The servo force balance accelerometer can deliver exceptional performance and accuracy with a number of advantages. This fact is clearly demonstrated by their extensive use in applications requiring 0.1% or better overall accuracy.
Unlike traditional accelerometers, the servo type incorporates a freely suspended mass bound by an electrical equivalent mechanical spring. There are two classes of servo force balance accelerometers: the pendulous type, which has an unbalanced pivoting mass with angular displacement, and the non‐pendulous type, which is mass displaced linearly.
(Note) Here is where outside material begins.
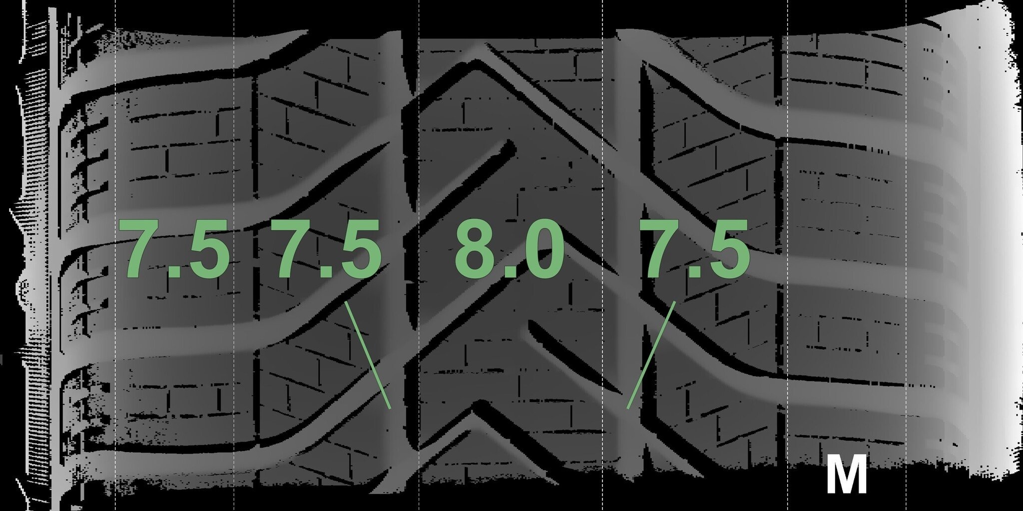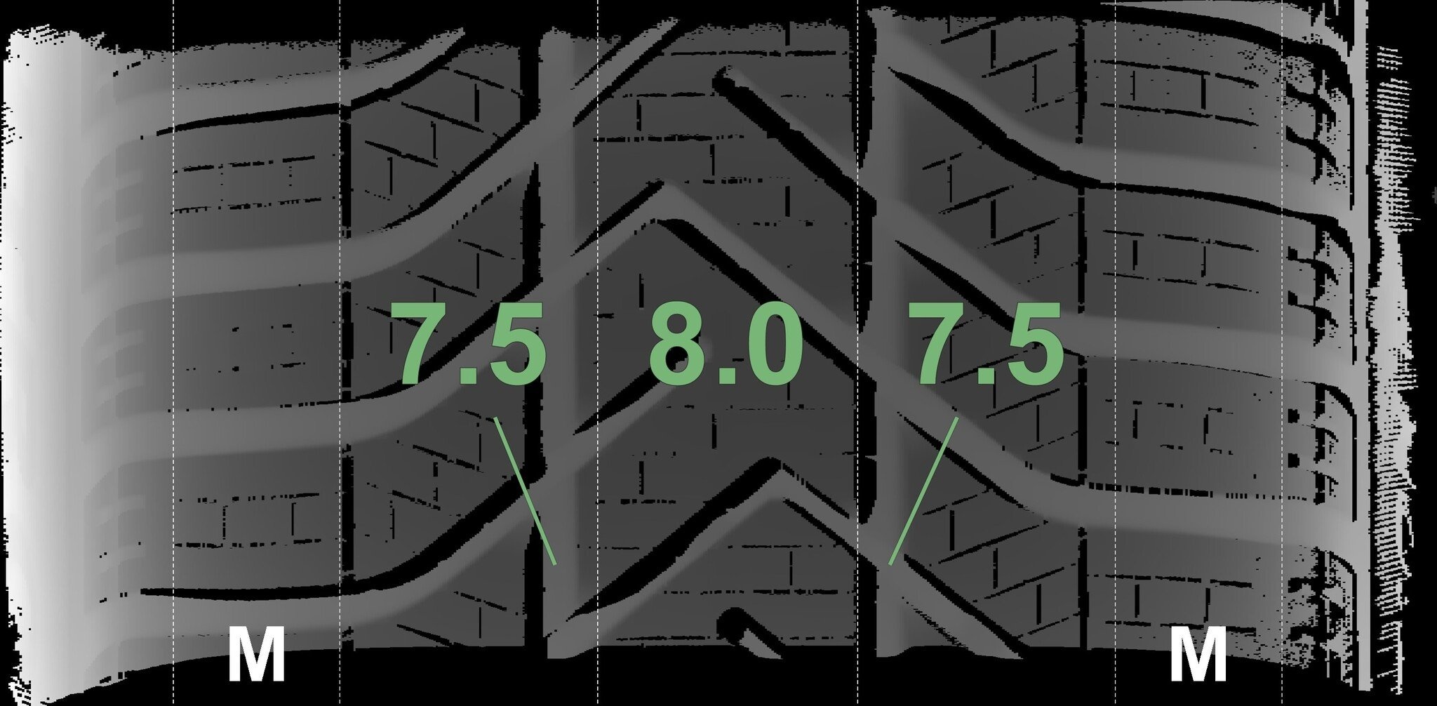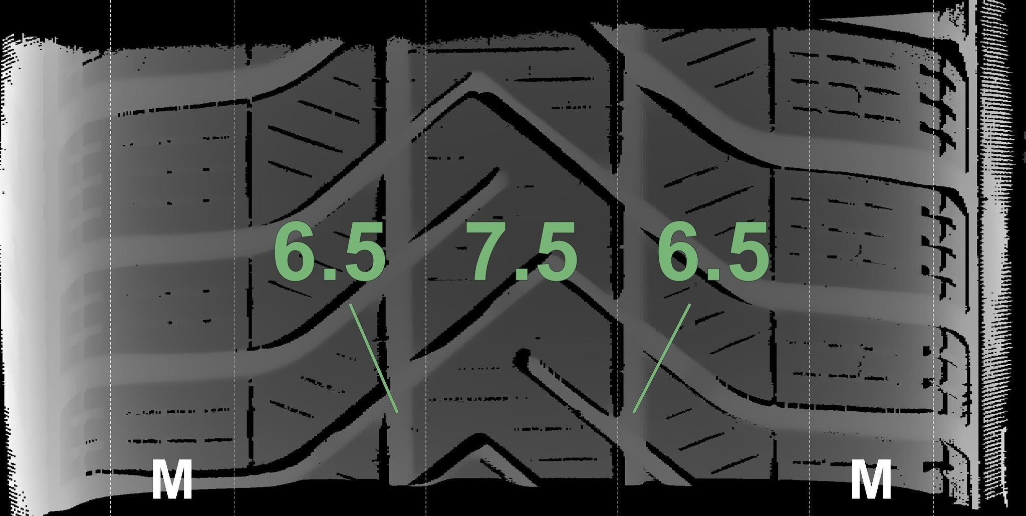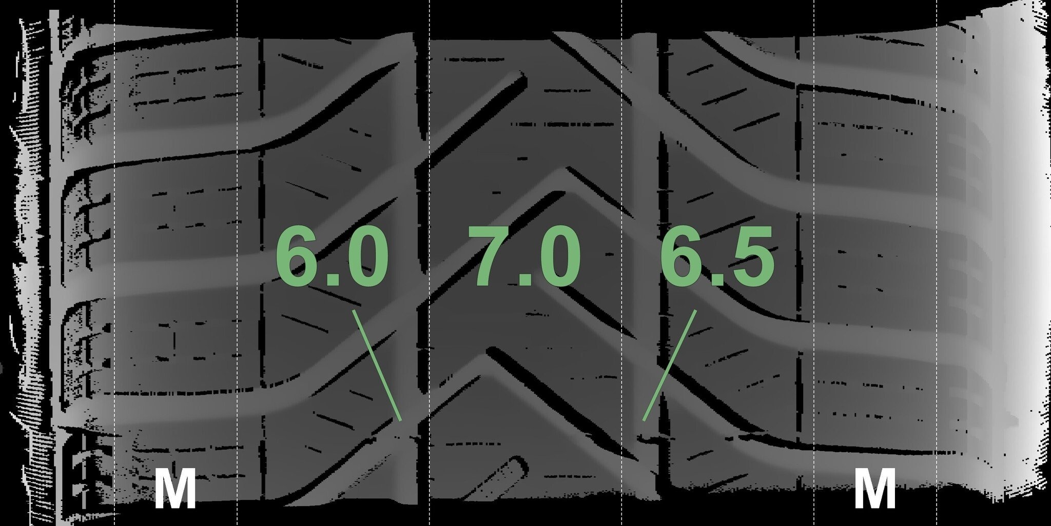 Die gemessenen Profiltiefen und Details der Felgen sind oben abgebildet.

Figure 1. Force Balance Sensor. Image Credit: Columbia Research Laboratories
The behavior of all accelerometers can be explained by Newton’s second law of motion:
Force = mass x acceleration: F = ma
This equation demonstrates that if a mass is to be accelerated, a force relative to the amount of acceleration must also exist. If the force can be determined, the amount of acceleration can be measured.
For pendulous type accelerometer, the polar form of the equation applies:
Torque = pendulous mass x acceleraton: T = (ml)a
Where (l) represents the distance from axes of rotation to the center of mass, and (ml) is the pendulous mass.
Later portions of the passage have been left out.